Other bills are trying to expand the powers of the Arizona Auditor, and require more training

Gress also introduces other laws that give Arizona audit generals more power, requiring more training for elected officials.

House Bill 2368 will allow state auditors to access financial institution records directly from the institution.

The bill comes after the Arizona Auditor General, a report on the investigation into Guffer’s fraud, admitted that he had no authority to directly obtain the financial information of the county treasurer directly from the financial institution. Instead, the county had to provide the necessary financial information, resulting in the auditor receiving a fake investment statement.

The bill was passed by the House of Representatives on February 18th and is being considered by the Senate.
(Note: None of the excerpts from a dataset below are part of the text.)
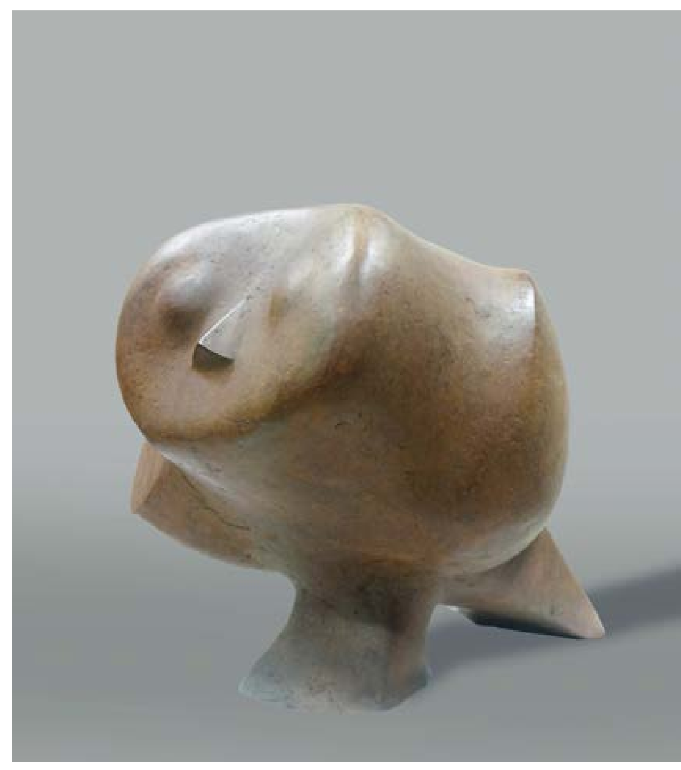
The Standing Owl, Nouba 1961, bronze, edition of 8, 47x22x45cm. Courtesy of the artist.

Bilad al-Sawad, 1993. Charcoal on paper, 9 drawings each 65 x 50 cm. Private collection.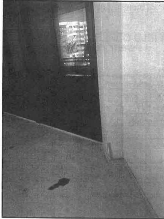
Photograph #1: Damage identified at the balcony of Unit 17A1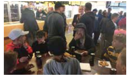
Supporting the Prens, post game feed.

Over the off season we will arrange for the damaged wall in the gym to be fixed and we have had some boys in doing some cleaning in the changing rooms.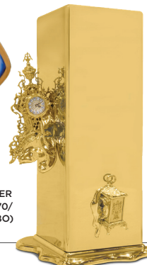
"DALÍ" WATCHWINDER (FROM $20,670/BOCA DO LOBO)

Hello, Dalí! Surrealist Salvador Dalí was fascinated by presenting everyday objects in bizarre fashion. These accessories echo his style, making for the ultimate conversation starters.

Another Gres bill, House Bill 2433, aims to address training of elected officials. It also passes the House and the Senate.

The bill requires the county’s finances and the board of supervisors to complete continuing education courses.

County Treasurers must complete a minimum of 10 hours of continuing education courses each year during their tenure, with at least an hour dedicated to wasting, fraud and abuse.

The Board of Supervisors must complete at least six hours of professional development training, including courses on public meeting laws, financial and budget issues, particularly those relating to county governance.